Authors: Neil Gaiman
“What have you done?” Spittle flecked the old woman’s lips.
“I have done nothing; nothing that I did not do eighteen years ago. I was bound to you to be your slave until the day that the moon lost her daughter, if it occurred in a week when two Mondays came together. And my time with you is almost done.”
I
t was after three in the afternoon. The star sat upon the meadow grass beside Mr. Bromios’s wine-and-ale-and-food stall and stared across at the gap in the wall and the village beyond it. Upon occasion, the patrons of the stall would offer her wine or ale or great, greasy sausages, and always she would decline.
“Are you waiting for someone, my dear?” asked a pleasant-featured young woman, as the afternoon dragged on.
“I do not know,” said the star. “Perhaps.”
“A young man, if I do not mistake my guess, a lovely thing like you.”
The star nodded. “In a way,” she said.
“I’m Victoria,” said the young woman. “Victoria Forester.”
“I am called Yvaine,” said the star. She looked Victoria Forester up and down and up again. “So,” she said, “you are Victoria Forester. Your fame precedes you.”
“The wedding, you mean?” said Victoria, and her eyes shone with pride and delight.
“A wedding, is it?” asked Yvaine. One hand crept to her waist and felt the topaz upon its silver chain. Then she stared at the gap in the wall and bit her lip.
“Oh you poor thing! What a beast he must be, to keep you waiting so!” said Victoria Forester. “Why do you not go through, and look for him?”
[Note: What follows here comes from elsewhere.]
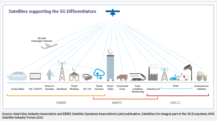 * Massive Machine-Type Communications (MMTC): Satellite's wide coverage finds the best use case in massive-scale connectivity, such as industrial internet of things, connected vehicles — especially in remote areas — and connected sensors.

“Because . . .” said the star, and then she stopped. “Aye,” she said. “Perhaps I shall.” The sky above them was striped with grey and white bands of cloud, through which patches of blue could be seen. “I wish my mother were out,” said the star. “I would say good-bye to her, first.” And, awkwardly, she got to her feet.
But Victoria was not willing to let her new friend go that easily, and she was prattling on about banns, and marriage licenses, and special licenses which could only be issued by archbishops, and how lucky she was that Robert knew the archbishop. The wedding, it seemed, was set for six days’ time, at midday.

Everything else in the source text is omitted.